The musical, based on Disney’s 1994 animated feature film, is making its Middle East debut in Abu Dhabi, with the preview held on Thursday.
The show will run from November 18 until December 10 at Etihad Arena.
Director Julie Taymor said she had to rely on her many years of expertise in puppetry to adapt the 70-minute screenplay to a theatrical show.
“How do I put that stampede on stage? How do I actually visualise what is wildebeests, elephants, lions and all kinds of animals? I think there may be 400 or 500 different puppets or animals represented on the stage,” she said.
“I could do the smallest little shadow puppet of a mouse and also create the stampede.”
As spellbinding as the story of the lion cub Simba and his life journey is, the intricate techniques of puppetry used to create a jaw-dropping experience for the audience, are equally fascinating.
A “gazelle wheel” with six puppets incorporated into a wheel mechanism operated by a performer is used to give the audience an impression of a herd of gazelles leaping across the stage.
Sunrise is represented by a giant red circle made of bamboo and silk.
“And as the circle of life begins, you do watch the sunrise,” said Ms Taymor.

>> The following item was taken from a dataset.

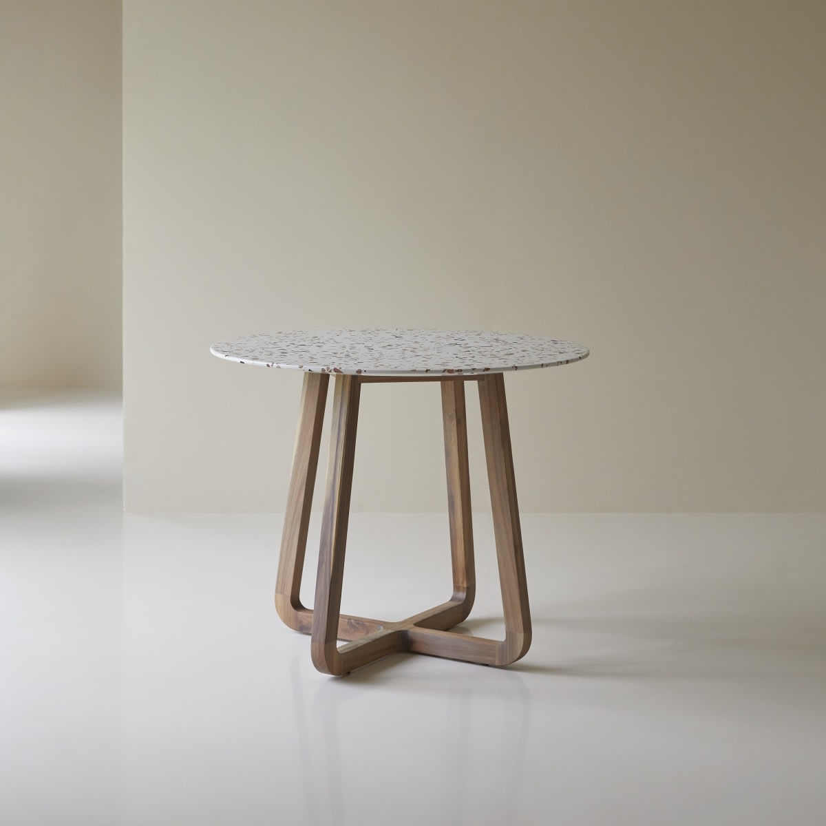 Mesa de jardín redonda de terrazo prémium y acacia maciza 4 personas
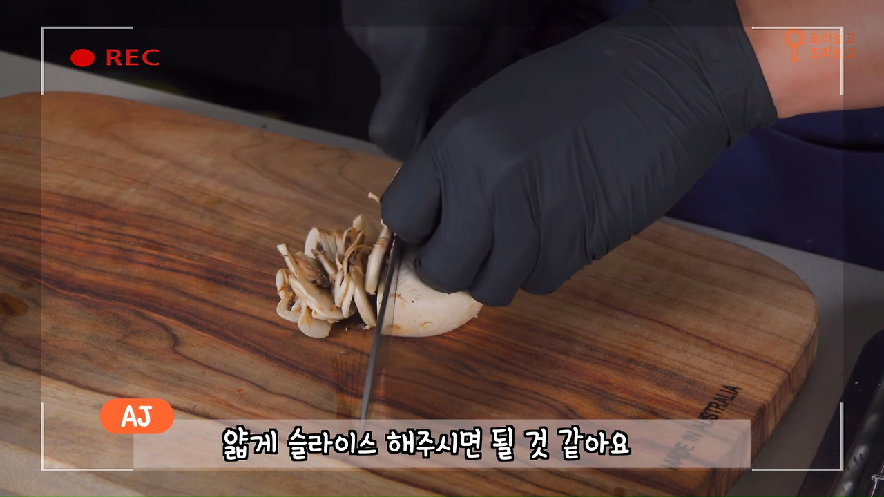 스테이크를 맛있게 굽기 위한 재료 손질 단계입니다. 양송이 버섯은 2개 준비한 후, 얇게 썰어주세요. 양송이버섯의 독특한 식감과 풍미가 스테이크의 맛을 더욱 돋보이게 해줍니다.

“And as it rises, the wind in the theatre makes it shimmer. So, it looks like the sun rising in a desert.”
The audience is also in for a treat when Scar, the show's scheming villain, appears in his leather and beads costume, complete with a scary, extendable mask.
Speaking about the universal appeal of The Lion King, the director said: “It is a classic hero's tale, the journey. It is the story of the coming of age of a young man [Simba, the cub].”
“Before he is allowed to become that king, he needs to go through a dark place. There is not one culture in the world that does not understand that story. And this is our common thread as human beings.”
Fastest-selling musical in Abu Dhabi
Since its premiere in 1997, The Lion King has played in more than 100 cities in 21 countries. It has been seen by more than 110 million people across the world.
Ms Taymor said Abu Dhabi was chosen for the Middle East debut because it is a multicultural and diverse city.
Nouf Al Boushelaibi, marketing and communications director at the Department of Culture and Tourism, Abu Dhabi, said The Lion King is the fastest-selling musical in Abu Dhabi, with more than 60,000 people expected to attend the show in the coming weeks.
Originally, the run was scheduled to be 24 shows, including two performances on Saturdays and Sundays.
However, owing to demand, five more shows have been added — on November 22, 23 and 30, and December 6 and 7.
Ticket prices start from Dh200 ($54).